I step back. “Goodbye, Sofia,” I whisper.
She looks up and her eyes glisten with hidden tears. “Goodbye, Luka.”
Chapter 13
Luka
The further we travel from the Zappia estate, the more I feel it.
That sense of loss over something I didn’t even know I had. Sofia, the girl in my dreams. Lucian, the son we created together.
And Gio, the bastard who believes they both belong to him.
She should have let me take her with me. I should have thrown her over my damn shoulder and dragged her out of there three years ago before she ever walked down that aisle.
Yuri raps his fist against my knee. “What’s wrong with you, brother?” he asks. “You’ve been off since yesterday.”
I try and force her face out of my mind, but I can’t shake that beautiful smile. “Just eager to get back home,” I say, staring forward at the back of the driver’s thick head.
“What’s the rush? We should stay in Rome for a night or two. Get a nice meal, meet a few girls…”
“I’d rather not.”
He snorts. “I’d rather take a day off.”
“No one is stopping you.”
The driver takes a hard right turn off the busy street and we roll into a warehouse — one far away from the airfield we’re supposed to be going to.
“Luka, this—”
I hold up a hand, interrupting Yuri. “Excuse me,” I say, signaling to the inept Zappia driver to explain himself. “Where are you going?”
He slams on the brakes and throws his door open.
Yuri’s jaw drops as the driver races outside on foot and disappears. “Hey—”
I look around the warehouse. It’s dark and completely deserted. Either this is the oddest encounter that’s ever happened or…
This is a hit.
I reach for the pistol stashed behind my back. “Get down, Yuri.”
“What?”
“Get down.”
The bullet breaks the windshield and pierces the leather seat between us. I grab Yuri’s shoulder and force his head down between his legs. A second bullet hits the seat behind him, and I grit my teeth.
I lean down behind the front seats and peek ahead through the cracked windshield, scanning the warehouse for the attacker, but I see nothing behind the stacks of crates and machinery.

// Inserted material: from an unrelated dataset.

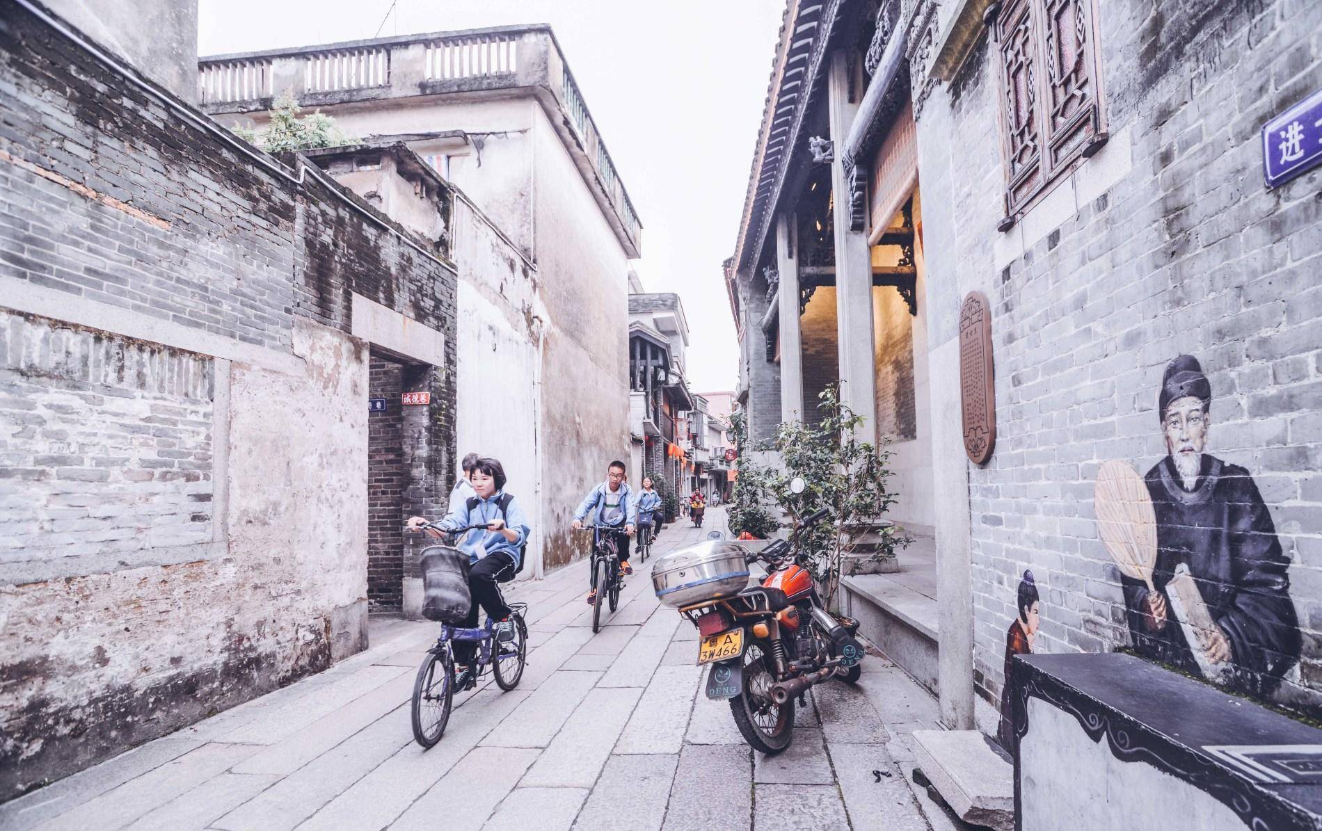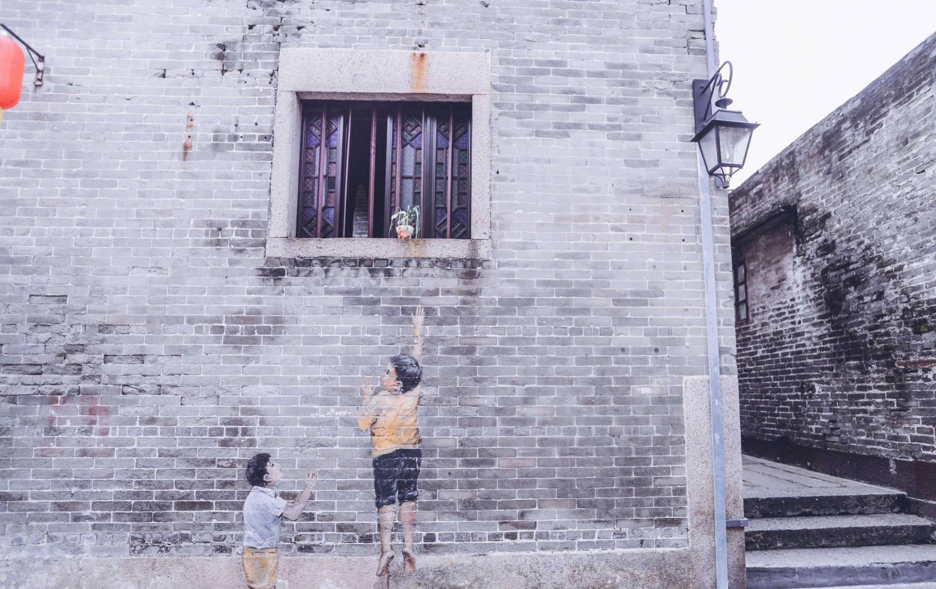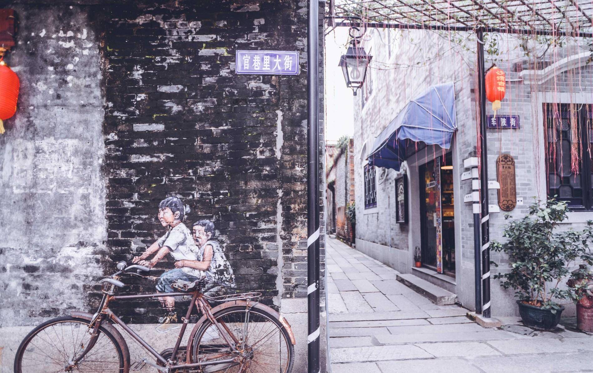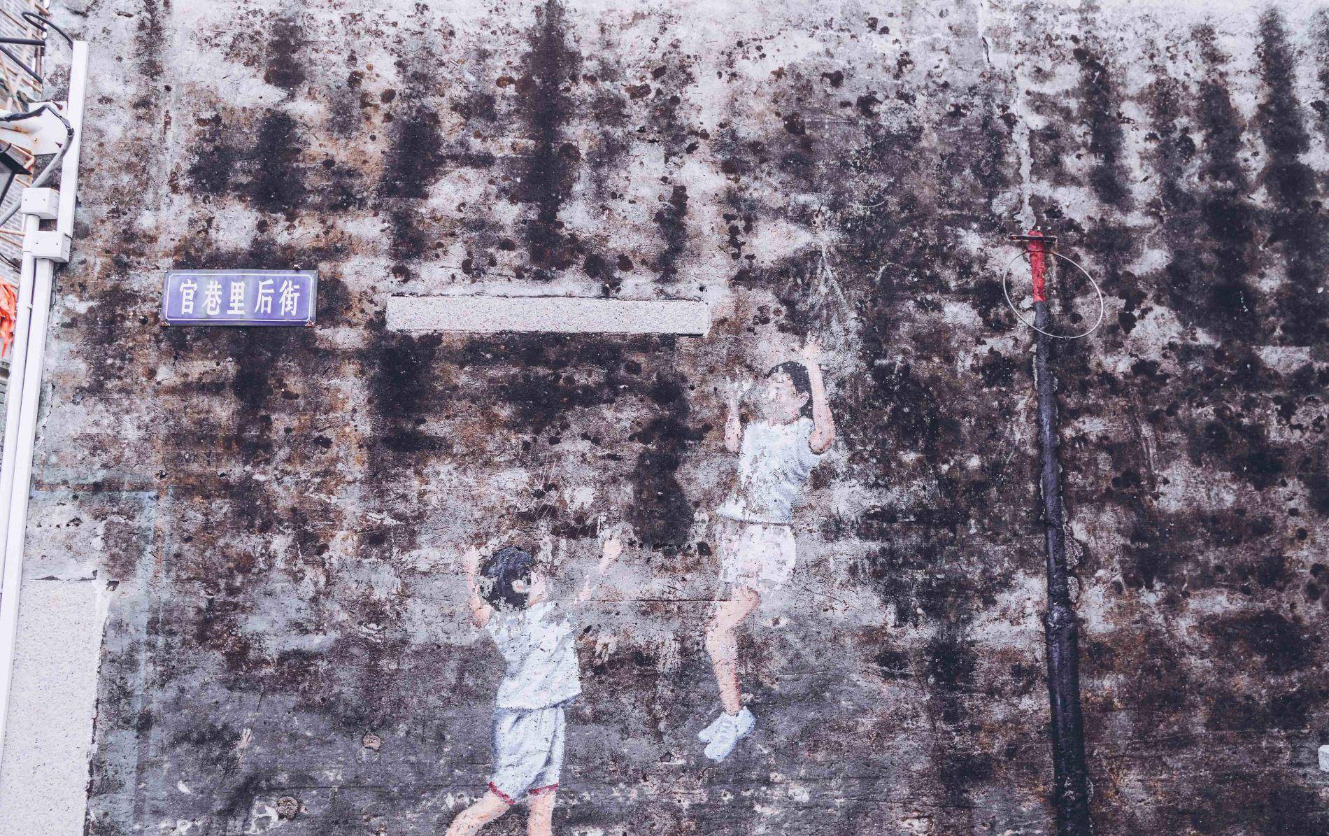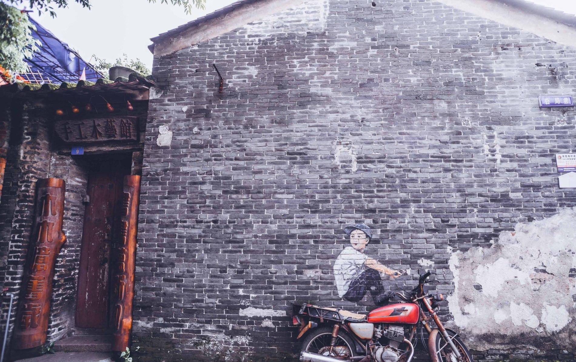 槟城涂鸦最有名的涂鸦就是那副姐弟两踩单车,在沙湾古镇的官巷里大街,也有这么一幅,不过因为墙壁用材的不同,沙湾古镇这幅有点斑驳,但范儿更加有岁月感。

“Stay here, Yuri,” I growl, shoving my door open.
“Luka—”
I ignore him, buzzed on adrenaline and rage, and step outside onto the concrete floor. My stare shifts from stack-to-stack, knowing that the shooter must be behind one of the columns between me and the far wall.
I flick the safety off and move forward, ready and willing to fire the one bullet necessary to end this bastard.